Like her peer, Levertov has made a major contribution to the shape of contemporary American poetry. But where Stafford's latest book works through the darkness of human life and then overturns it all, Levertov's collection is about the struggle to maintain peace and faith. Her opening poem, "Settling," about living on a mountain, sets up the central tension and premise. In the last three lines Levertov states that:

Grey is the price

of neighboring with eagles, of

knowing

a mountain's vast presence,

seen or unseen.

The book is divided into seven sections, and within their pages the poet writes about the natural world, art, her memories, people she has lost, Biblical stories, and the foolishness of war. Yet what really stands out is the evenhanded tone of this collection and the newness her themes seem to have for her. Unlike some of her other books, this one feels almost buoyant, and Levertov is determined to maintain the value of all earth's creatures, herself included.

"Evening Train" demonstrates that a person can write about the same kinds of things for a lifetime, as long as she sees them always with new eyes. This means some kind of transformation before the poet sits down to write. It also means that she relies on images and evocative narratives rather than making general statements.
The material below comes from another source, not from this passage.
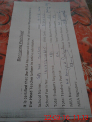 | Certified that this School was Inspected by the Undersigned MEA/DMO Today and the Information Stated Above is as Per Record. | |||||

Many of Levertov's poems work the way "Flowers of Sophia," from Section 4, does. The poem begins with a very simple list: "Flax, chicory, scabious-" and then encourages a certain perception of these plants with the description "flowers with ugly names." The poet portrays them as living in waste ground, thus reinforcing that perception. But then she surprises readers by saying "Every kind has a delicate form, distinctive/ it would be a pleasure to draw them." And by the last line, the waste flowers are "w ise beyond comprehension.

This kind of simple movement, based on specific details, is at the heart of good poetry. Emotions are suggested by the way Levertov describes the things around her. Her language delights and surprises, and we come to trust her observations. By the time she begins talking about less concrete subjects like faith and God, we feel thoroughly grounded and satisfied that she has earned the right to lead us into this area. Her poems still rely on imagery, as in these lines from "The Tide":

Faith's a tide, it seems, ebbs

and flows responsive

to action and inaction.

Remain in stasis, blown sand

stings your face, anemones

shrivel in rock pools no wave

renews.

The only time the poet gets into trouble is when she deals with political subjects and slips back into old ways of doing things. There seems to be more political comment than poetry, and the reader is forced out of a more perceptive frame of mind.

So what then is the answer to my original question? How do poets transform themselves and their writing? The short answer can only be that they go moment by moment, with eyes open, their minds clear and willing.